Unconferences are by their nature somewhat random and formless in their nature, but looking below the surface of that randomness reveals patterns, both within any one event and across time. This post is about some of those patterns, and the directions that might point us in for the future.

Relentlessness

The first session I went to this year was led by Clare Moriarty on action and atmospherics, in which she posed one of those questions which it is easy not to notice, but becomes overwhelmingly obvious as soon as it is pointed out. If we know what it is that needs doing, why is it so hard actually to do it? That question is of course a variant of a broader one: why is change so hard, even when it is clear that change is necessary? Not surprisingly, the question got a wide range of answers (with a sense of the conversation captured in this note). I offered the idea that it had a lot to do with relentlessness. It’s unrealistic to think that any single action will shift an organisation, but there is good reason to think that sustained action can do.

That’s for two main reasons. The first is that it always takes longer than you would think possible to get a message across: keep repeating yourself until tired of your own words and you might just be beginning to be heard. The second is more subtle, but even more important. In order for people to trust that change is real, they need to see that it is sustained and consistent, and that inevitably takes time – often quite a lot of time, particularly if, as is often the case, there is a history of the rhetoric of intended change falling well short of the experience of actual change. No one off event, however brilliant, will lead to sustained behaviour change – except perhaps among those who had a predisposition to make the change anyway. Leadership isn’t demonstrated by setting out a vision of a better future; it is demonstrated by consistently behaving in ways which help to get there.

More relentlessness

Those long sweeps of change show up in Govcamp itself – and its history is now long enough for them to be clearly visible. I first went to Govcamp in 2010 and the notes I wrote then make for interesting reading (to me at least). There was the same sense of energy and commitment, there were some of the same names and the same topics. But while Govcamp has stayed the same, it has become very different. Back then, it was much more narrowly focused:

I found my concerns about personal data and transactions and about government as service provider rather than information broker feeling a bit on the margin.

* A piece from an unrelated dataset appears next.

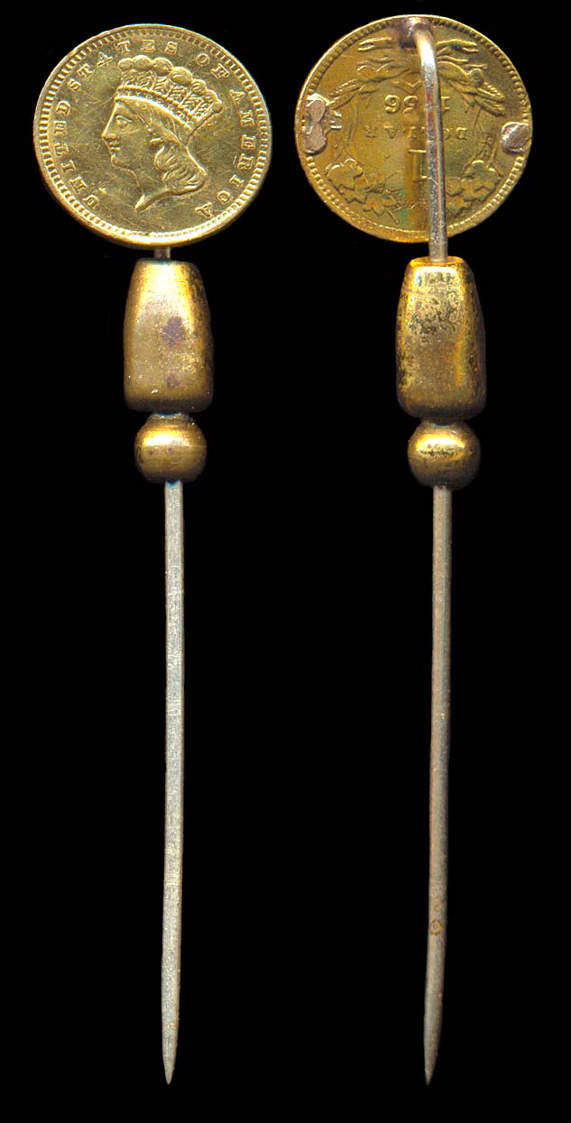 gold 1 dollar 1856 soldered on rev. onto a stickpin, with a gold plated
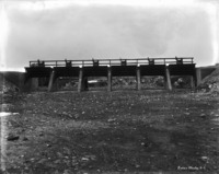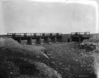 S 009 A two-horse buggy stands on a low bridge above a dry streambed or canal amidst the sage brush. A man stands beneath the bridge.

But what was then on the margin has come to the centre. Digital perspectives, approaches and people still supply much of the energy of Govcamp, but the problems that energy is applied to are broader and deeper than those of the early years. That is emphatically not to criticise the pioneers who made amazing things happen then and sowed the seeds for much that has happened since. It is to make the point that relentlessness has had a very real effect, both as a reflection of changing times and very much as a contributor to the change.

Inclusiveness

As well as being more extensive of scope, Govcamp has become dramatically – and very deliberately – more inclusive of people. Govcamp has always been made new each year with a healthy influx of first time participants, but this year there was a much more active and explicit focus on welcoming, celebrating and supporting all participants. It is deeply admirable that everybody at Govcamp shares an ambition to make the world a better place. It is deeply heartening that that ambition is increasingly applied to Govcamp itself – and Govcamp is, of course, no more and no less than the people who make it up.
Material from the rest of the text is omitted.